Measuring a Country’s Carbon Emissions: A Debate with High Stakes

October 2021 - 11 min read

Why some metrics are more accurate, more equitable, and more efficient than others.

As the effects of climate change become increasingly apparent—from rising sea levels to more frequent and devastating natural disasters, the need for action becomes more urgent by the day. Environmental responsibility has permeated to all sectors of the financial industry. In particular, asset managers have seen increasing interest from clients, regulators and the general public to facilitate this effort by directing financial flows toward entities that make better environmental citizens.

In order to encourage environmentally-friendly investments, we believe there needs to be some type of consensus on the appropriate measure of carbon intensity at both the individual investment and portfolio levels. But as of today, there is no such consensus. This is apparent in emerging markets debt, for instance, where the standards and metrics to track the carbon intensity for sovereign bonds are still being debated.

It is, however, possible to track this data for sovereign debt at both the asset and portfolio levels. Indeed, governments are able to control not only the emissions by the public sector but also influence those of the private sector, including firms and households.

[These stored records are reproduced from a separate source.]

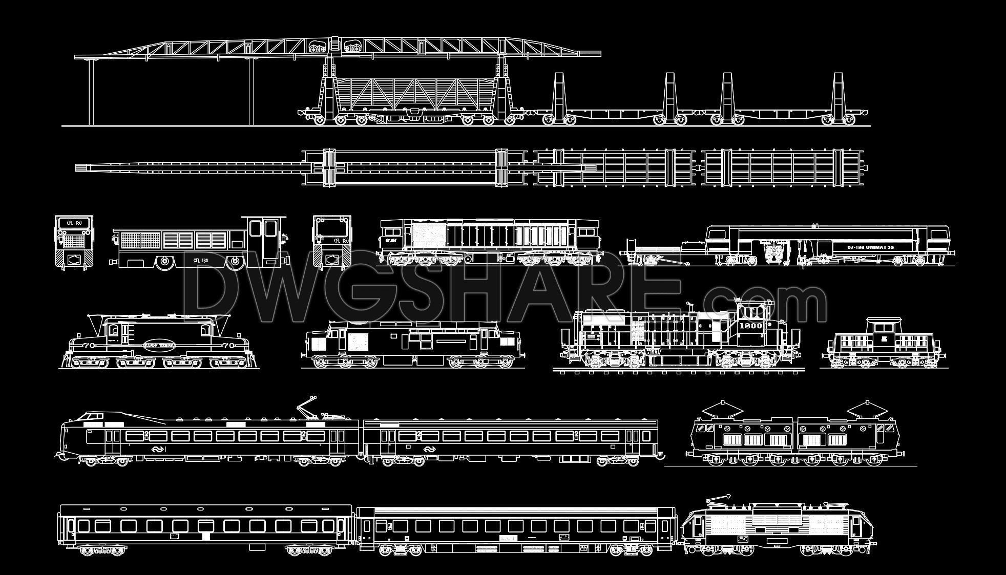 103. Free Download Railway Locomotives and Train Cars AutoCAD Drawings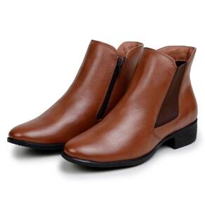A Bota Feminina 100% Couro, Elástico Reforçada Macia é perfeita para mulheres adultas que buscam estilo e conforto. Com um design moderno. é ideal para o outono/inverno de 2025. O modelo de cano curto e salto baixo proporciona um visual descolado e atual. Além disso. é versátil e fácil de combinar com diferentes looks. Invista nessa bota feminina para arrasar em qualquer ocasião. DESCRIÇÃO DO PRODUTO: Modelo: Bota Feminina Material: Couro. produto não impermeável Numeração: 33 ao 40 Solado: Borracha Palmilha: EVA 10mm. macia. confortável Cano: Cano Baixo Fechamento: Zíper e Elástico Medidas da Palmilha (Forma Normal): 33 ? 23.6 cm 34 ? 24.2 cm 35 ? 24.8 cm 36 ? 25.7 cm 37 ? 26.2 cm 38 ? 26.9 cm 39 ? 27.5 cm 40 ? 28.2 cm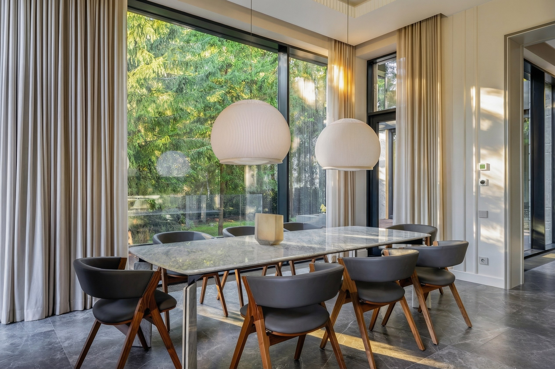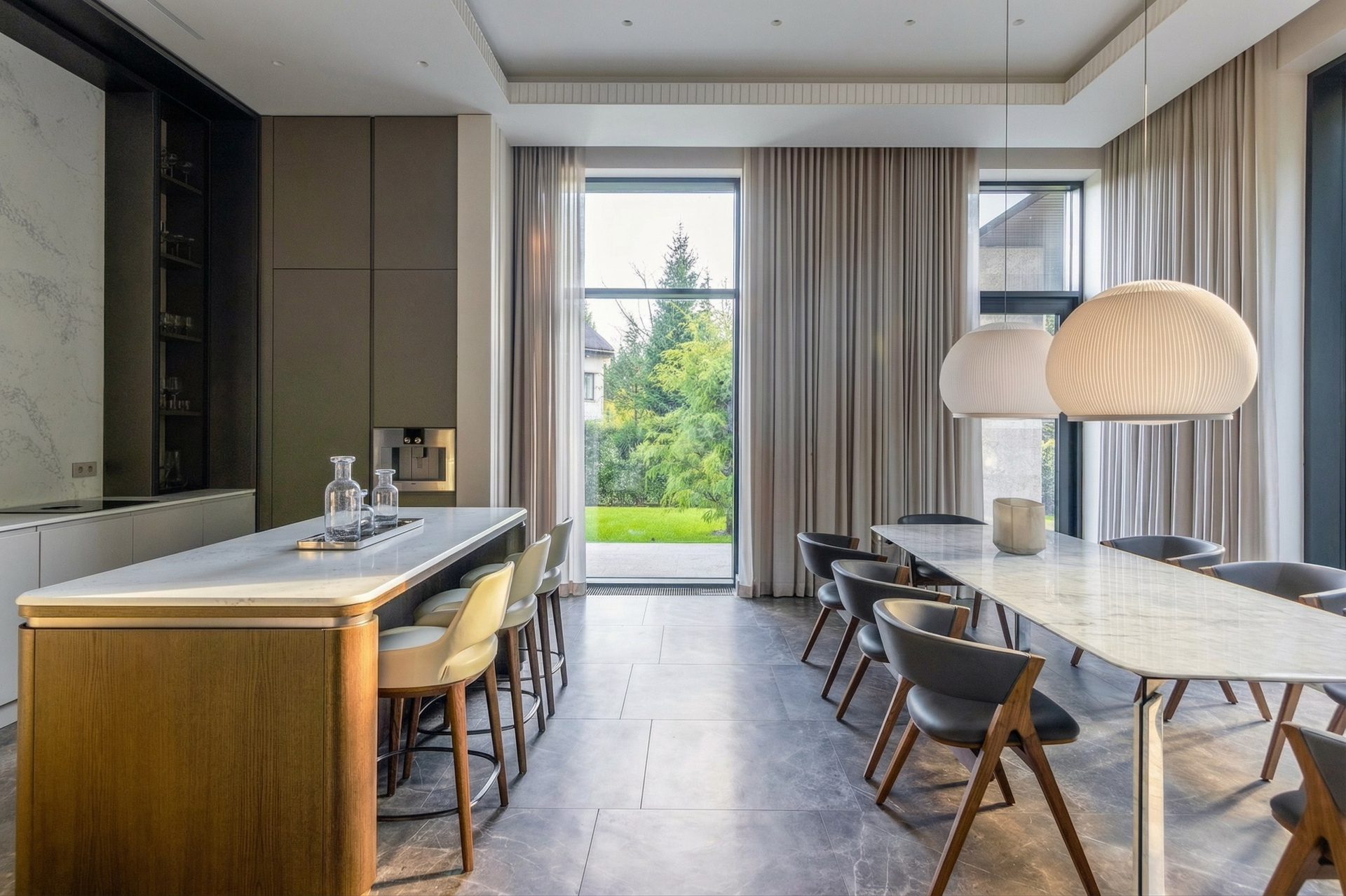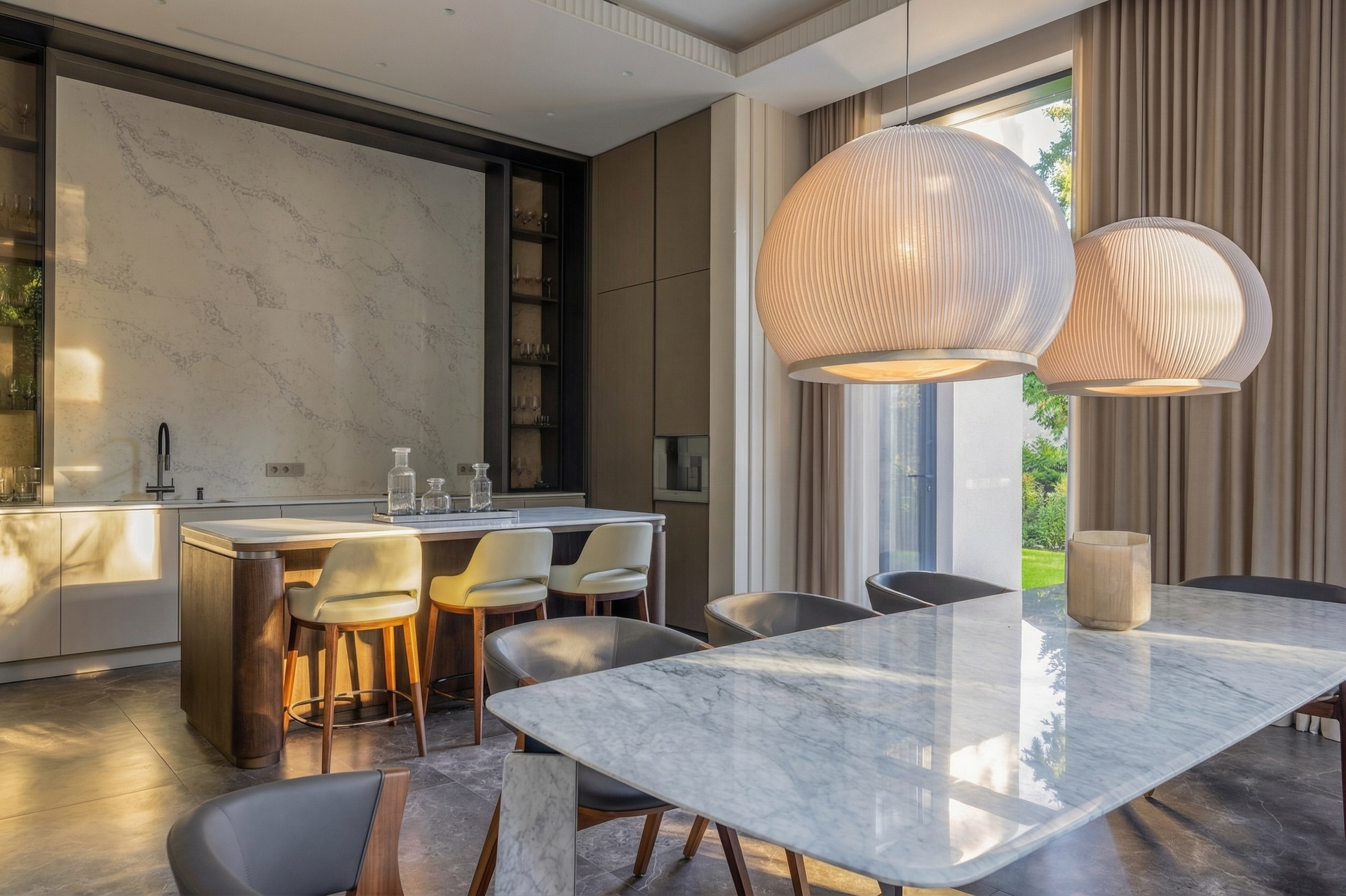 Обеденная зона расположена у панорамных окон и напрямую связана с ландшафтом. Большой стол, скульптурные подвесные светильники, остров, встроенная техника, крупноформатные поверхности и тёплые древесные плоскости формируют образ современной кухни премиального класса. Визуально пространство выглядит лёгким и собранным, но при этом остаётся полностью рабочим и удобным в эксплуатации.

In our opinion, the unit of reference should therefore be the country as a whole, but much debate remains around the appropriate way to measure and track carbon intensity. Specifically, should the unit of intensity be per GDP? Or per capita? A lack of consensus today on this matter is resulting in confusing comparisons from country to country—and odd incentive structures for the countries tackling climate changes.

These are not just theoretical debates or topics for the experts. Asset owners and regulators are increasingly imposing specific metrics and limits of portfolio carbon intensity on asset managers, who are then investing money in different countries subject to those limits and constraints. The choice of the most appropriate metric to follow will have significant implications on which countries ultimately receive financial inflows to help tackle climate change—and which do not.

We believe measuring carbon intensity using consumption-based accounting, on a per capita basis, is more intuitive, fairer and more in line with international agreements than other carbon intensity measurements. Here is why.
 

Who should pay the price: carbon producers or carbon consumers?

There are two ways to measure carbon emissions for a country: production-based accounting, which aggregates all greenhouse gas (GHG) emissions of goods and services produced domestically in a country (including those which are subsequently exported), and consumption-based accounting, which looks at domestically produced carbon emissions in combination with the net imports of carbon emissions of goods and services. For instance, a country that produces 100 units of CO2 emissions but only consumes 70 locally will have 100 units of emissions in production-based accounting, but only 70 (plus other potential net imports) under consumption-based accounting.